Fecal short-chain fatty acid concentrations were determined by gas chromatography (GC; Thermo Trace 1310 with TG-WAXMS A GC, 30 m, 0.32 mm, and 0.25 µm columns), by Creative Proteomics (division of Creative Dynamics; Shirley, NY). Fecal pellets were homogenized in 17% (w/w) water suspension, and titrated to pH 2.0 using 5M HCl. Fecal debris were pelleted and removed by centrifugation. The remaining supernatant was spiked with internal standard 2-Ethylbutyric acid. Samples were injected into the GC flame ionization detector and calibrated against a cocktail of standardized SCFAs – sodium propionate and acetic, butyric, isobutyric, valeric, isovaleric, hexanoic, and heptanoic acids. Peaks were assigned using the Chromeleon 7.2 software (Thermo), based on retention times of individual SCFA components. Chromeleon automatically determined mM concentrations of sample peaks using peak integration.

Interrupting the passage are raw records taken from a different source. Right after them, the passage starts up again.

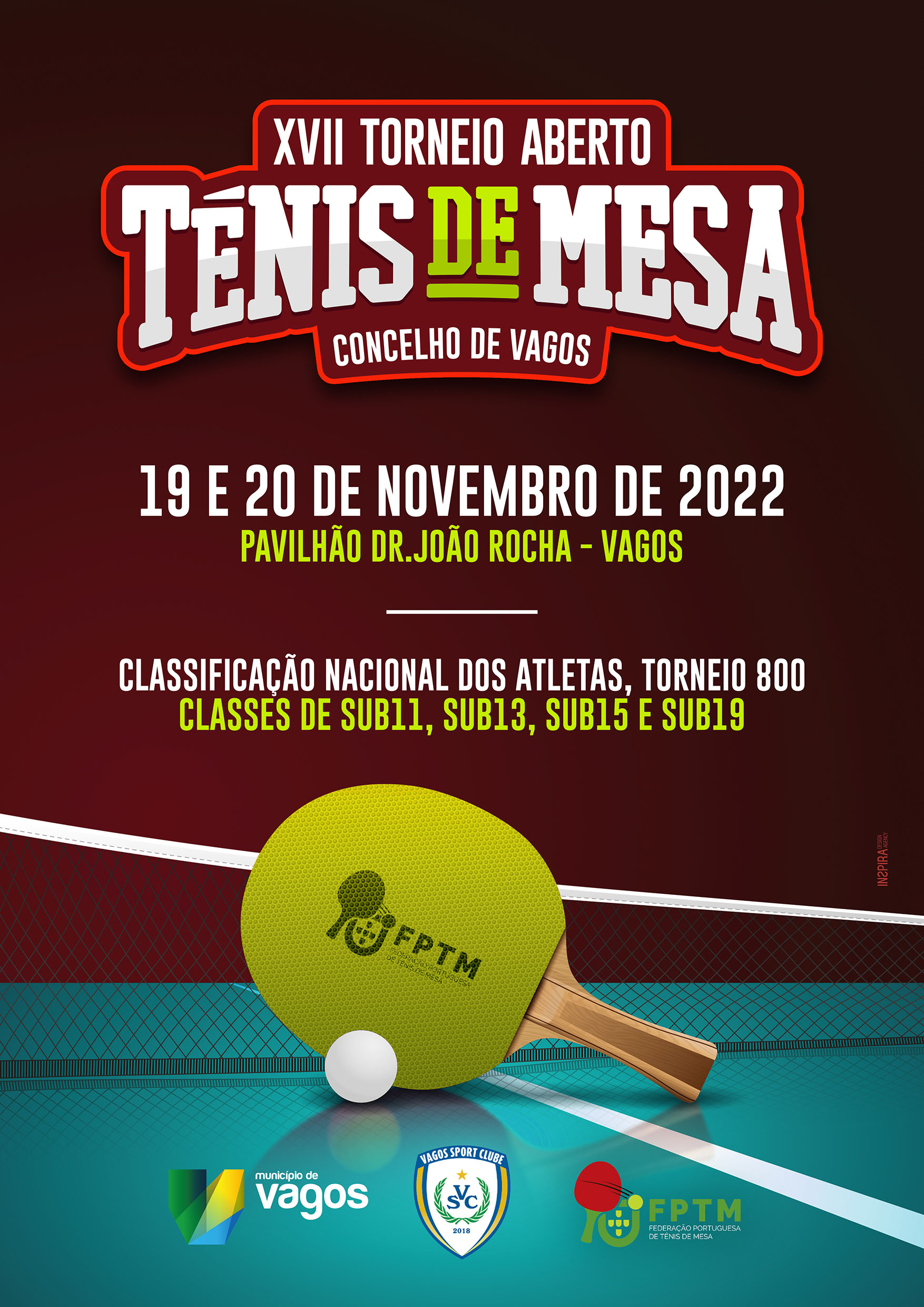 Realiza-se, nos dias 19 e 20 de novembro de 2022, no Pavilhão Desportivo Municipal Dr. João Rocha em Vagos, o XVII Torneio Aberto de Ténis de Mesa do Concelho de Vagos, com classificação Nacional dos atletas, Torneio 800, para as classes de Sub-11, Sub-13, Sub-15 e Sub-19.
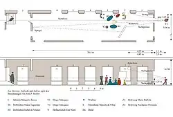 An diesen Aspekt schließt der 1983 erschienene Beitrag von John F. Moffitt[36] an, in dem anhand von historischen Grundrissplänen plausibilisiert werden konnte, dass der gesamte in Las Meninas dargestellte Raum die Wiedergabe eines damals real existierenden Raumes sei, der bereits von Antonio Palomino in seiner Beschreibung von 1724 Erwähnung fand. Dabei soll es sich um ein längliches Prinzengemach mit den Maßen 20,4 m × 5,36 m × 4,4 m in der Südweststrecke des Alcázar, des Königspalastes in Madrid, handeln. Velázquez nun habe diesen Ort für sein Gemälde gewählt, weil er selbst einer der Architekten war, wodurch er seine Zugehörigkeit zu den Artes Liberales zu erkennen gegeben habe.
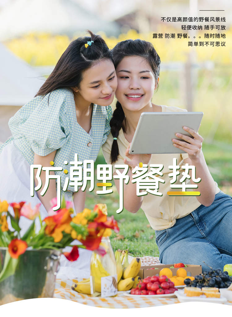 趣游帮黄白格中号防潮野餐垫Y13
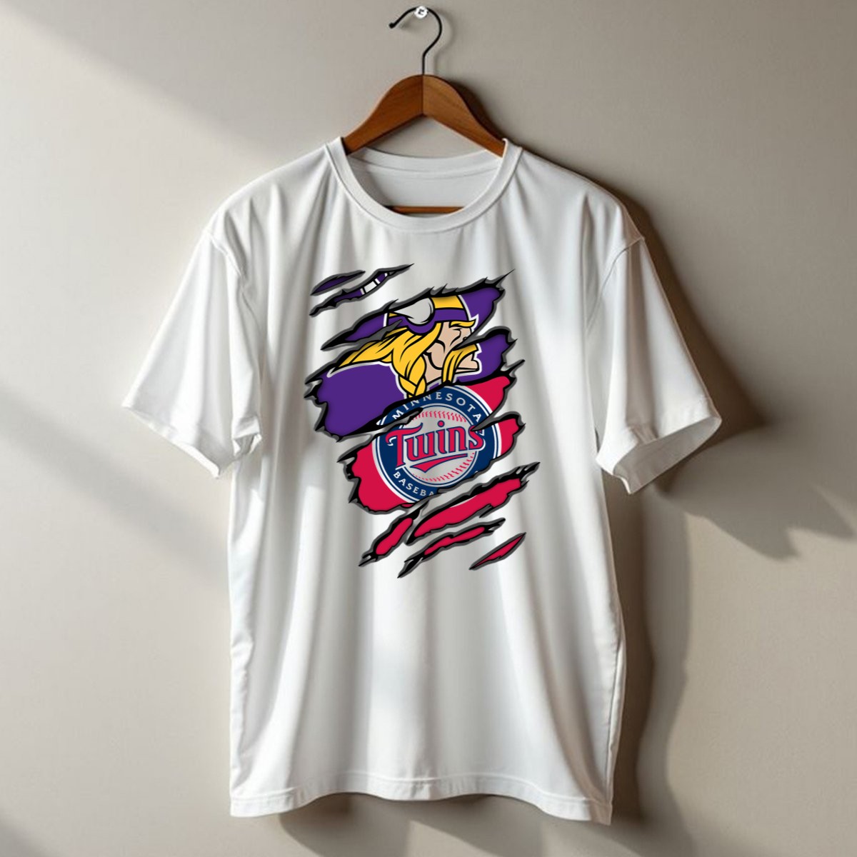Show your love for Minnesota sports with this unique fan-made T-shirt that perfectly fuses the spirit of the Vikings and Twins! Ideal for dedicated fans and casual wearers alike, this classic tee is perfect for game days, themed events, or just hanging out with friends. Made with care and printed in the USA, this shirt celebrates the passion of Minnesota sports in a comfortable and stylish way.
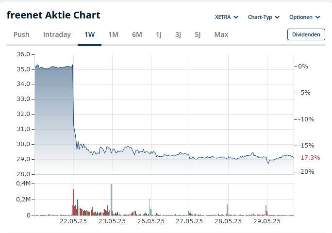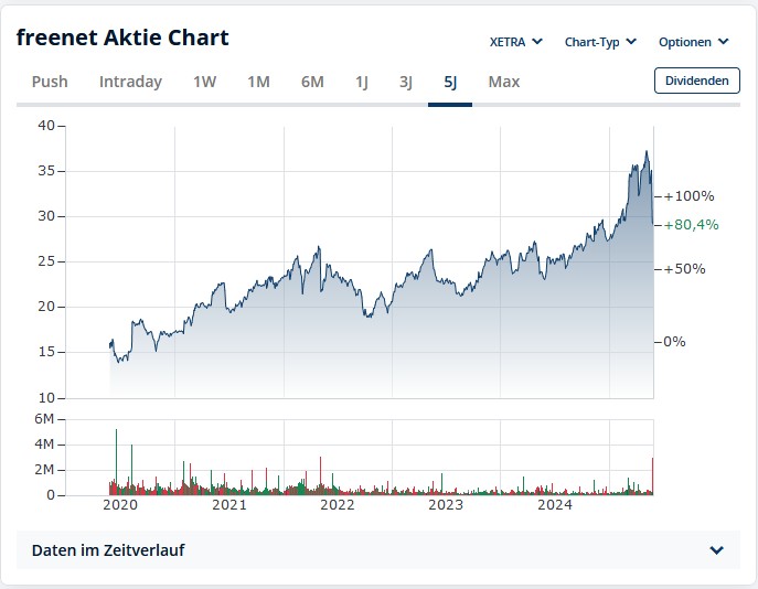 Nach dem (irrationalen) Kursrückgang von 17 % auf aktuell 28,84 € in dieser Woche ("Geier-Sturzflug") notiert die Aktie mit einem erwarteten KGV 2025e von rund 12x. Das durchschnittliche erwartete KGV in der europäischen Mobilfunkbranche liegt etwa bei 16x. Die Gesamtrendite für die freenet-Aktionäre betrug in den letzten drei Jahren 45 % und wird auf jetziger Kursbasis künftig nicht schlechter ausfallen.
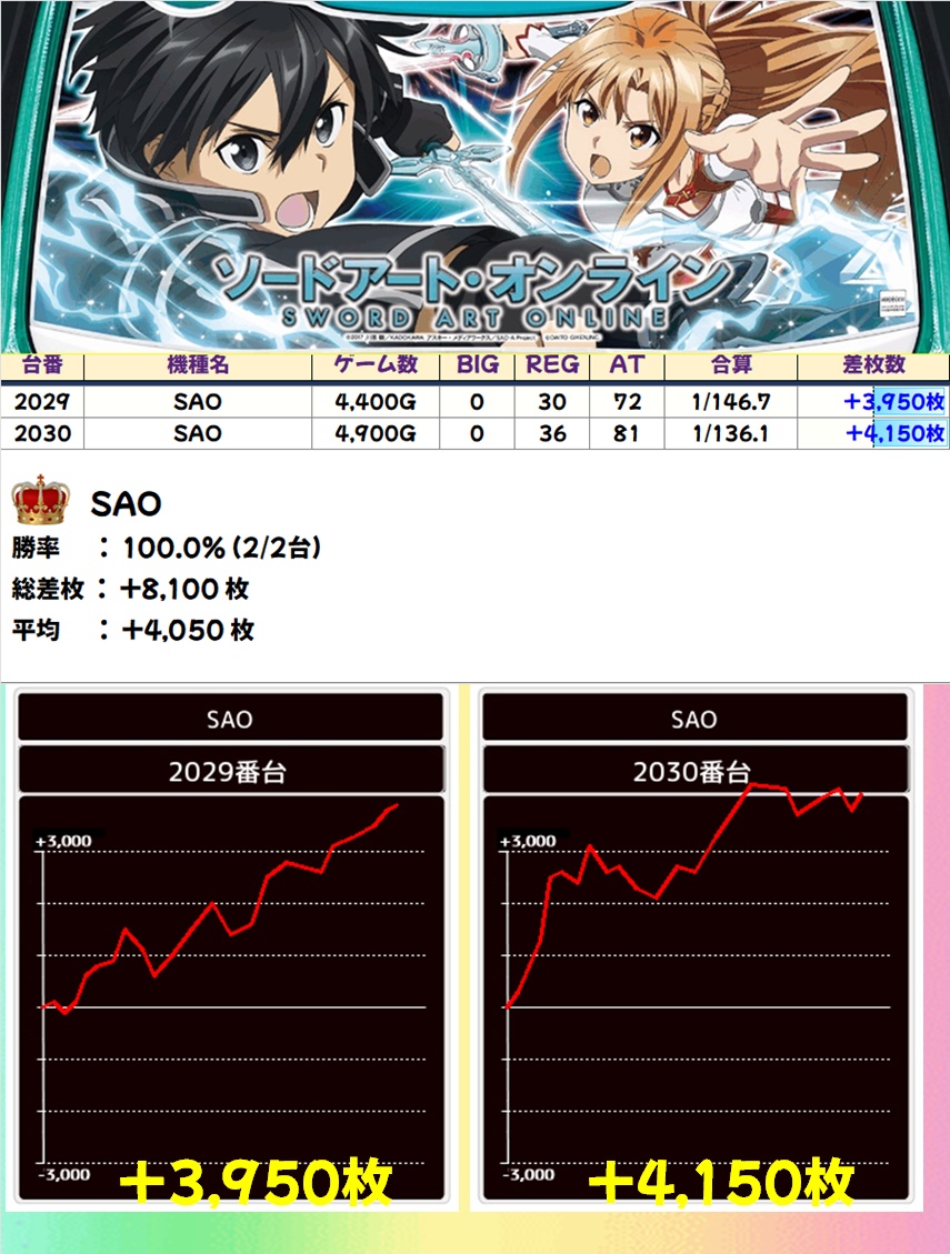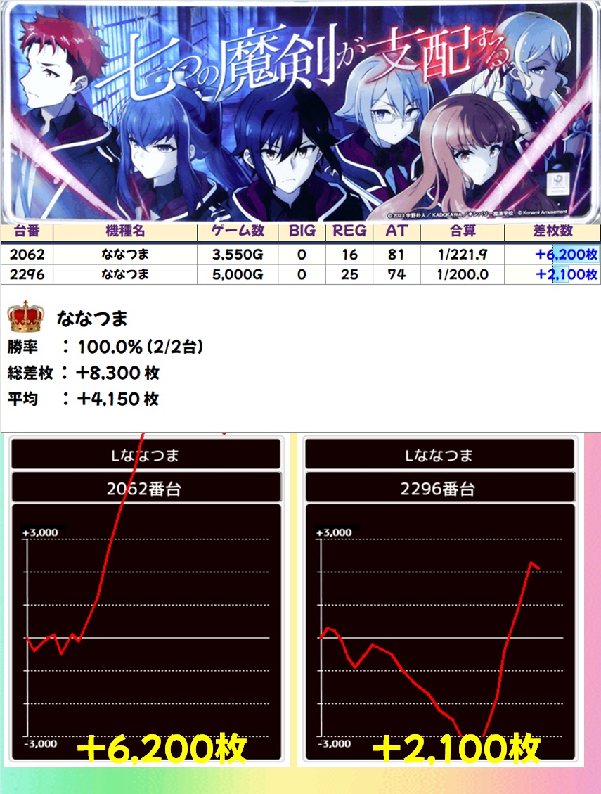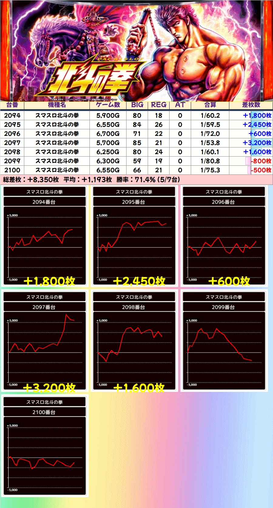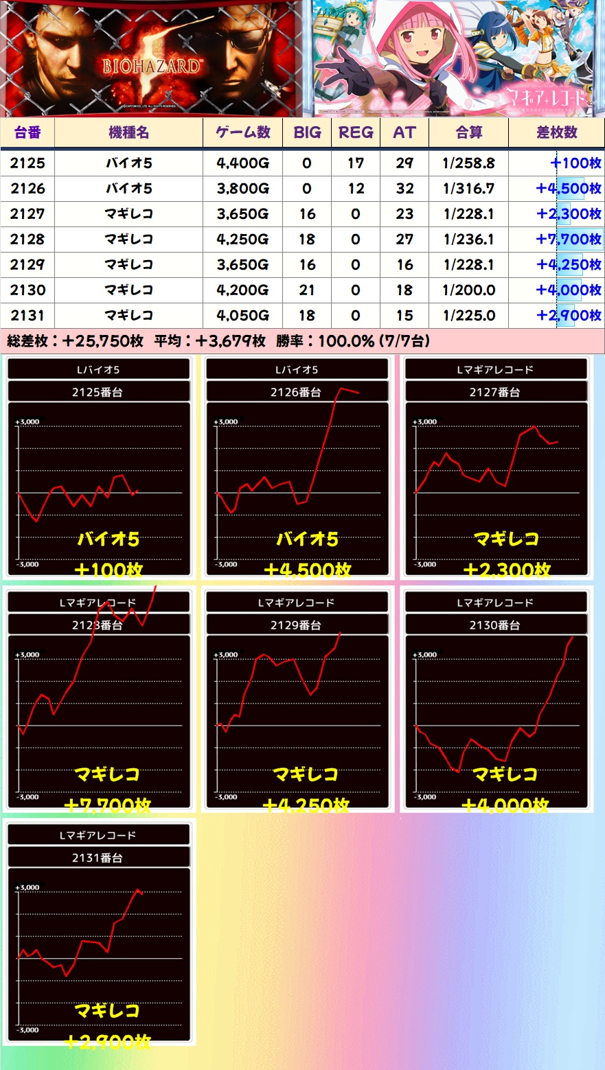 +7700枚を筆頭に全台+2000枚以上と抜群の安定感発揮し、平均+4000枚オーバーを達成!
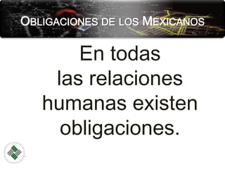 Los mexicanos tienen varias obligaciones con el Estado, incluyendo dar instrucción a los menores, realizar el servicio militar cuando sea necesario, pagar impuestos, y participar en la defensa de la patria. Todos los varones de 18 años deben registrarse para recibir instrucción militar y prestar servicio un día a la semana, mientras que las mujeres pueden hacerlo de manera voluntaria. Los impuestos son obligatorios y ayudan a cubrir los gastos públicos según el Código Fiscal de la Federación.
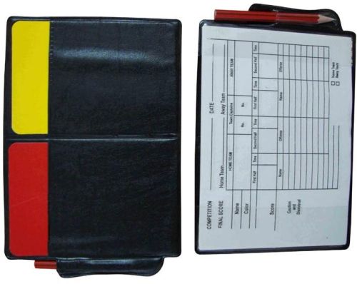 We are offering refree card wallet. Refree card wallet • foldable wallet includes one red & one yellow card and a 15-page score pad. • handy zippered pouch with wrist strap.

VL and cell-associated viremia

Plasma viral RNA (vRNA) levels were determined by qRT-PCR (ABI Prism 7900 sequence detection system; Applied Biosystems). vRNA was reverse transcribed and cDNA amplified (45 cycles/default setting) with AmpliTaq Gold DNA polymerase (PCR core reagents kit; Perkin-Elmer/Roche) utilizing primer pairs corresponding to SIVmac239 gag gene sequences (forward, nucleotides 1181–1208, and reverse, 1338-1317). Cell-associated viral DNA within sorted CD4 TM cells was measured as previously[20]. Briefly, qRT-PCR was performed on sorted, lysed cells using the Taq DNA polymerase kit (Invitrogen) and the SIVmac239 forward primer GTCTGCGTCATYTGGTGCATTC, reverse primer CACTAGYTGTCTCTGCACTATRTGTTTTG, and probe sequence CTTCRTCAGTYTGTTTCACTTTCTCTTCTGCG.

Statistical Analyses

Statistical analyses of viremia, single parameter lymphocyte phenotype and function, and single microbial taxa frequency were performed using Prism (v7.0, GraphPad Software Inc.). Multiple t-tests (unpaired, two-way, with no correction for multiple tests or assumption of consistent standard deviations) were used for comparisons between groups; paired t-tests were used for intra-group comparisons. Averaged longitudinal data are presented as arithmetic mean ± standard error of the mean (SEM). Significance of polyfunctional cytokine expression was assessed using the Spice (v5.35; NIAID) permutation-test on relative expression values. Frequencies of microbial taxa are calculated relative to all returned bacterial OTUs mapping to non-mitochondrial (Rickettsiales Mitochondria) taxa. Microbial diversity was assessed by Chao1, Shannon, and unweighted and weighted Unifrac with statistical significance assessed by unpaired, two-way t-test for alpha indices and PERMANOVA (R-vegan function Adonis) for Unifrac distances. The empirical identification of differentially abundant bacterial taxa between groups was determined using the LEFSE algorithim[21] one-against-all multi-class analysis, normalized to 106 reads. PCoA plot of d115 p.i. Unweighted UNIFRAC distances generated by XLSTAT (Addinsoft v2017.5). PICRUSt-predicted metagenomic profiles were analyzed by STAMP[22], with significance assed by Welch’s t-test with Storey’s FDR (reported *P <0.05, effect size > 0.5). No data that met minimum threshold requirements as outlined in the Online Methods were excluded.

Data Availability

The 16S MiSeq data (Figs. 1–2 and Supplementary Fig. 1) were deposited in the NCBI SRA under project number PRJNA417022. Other data available from this study are available from the corresponding author upon reasonable request.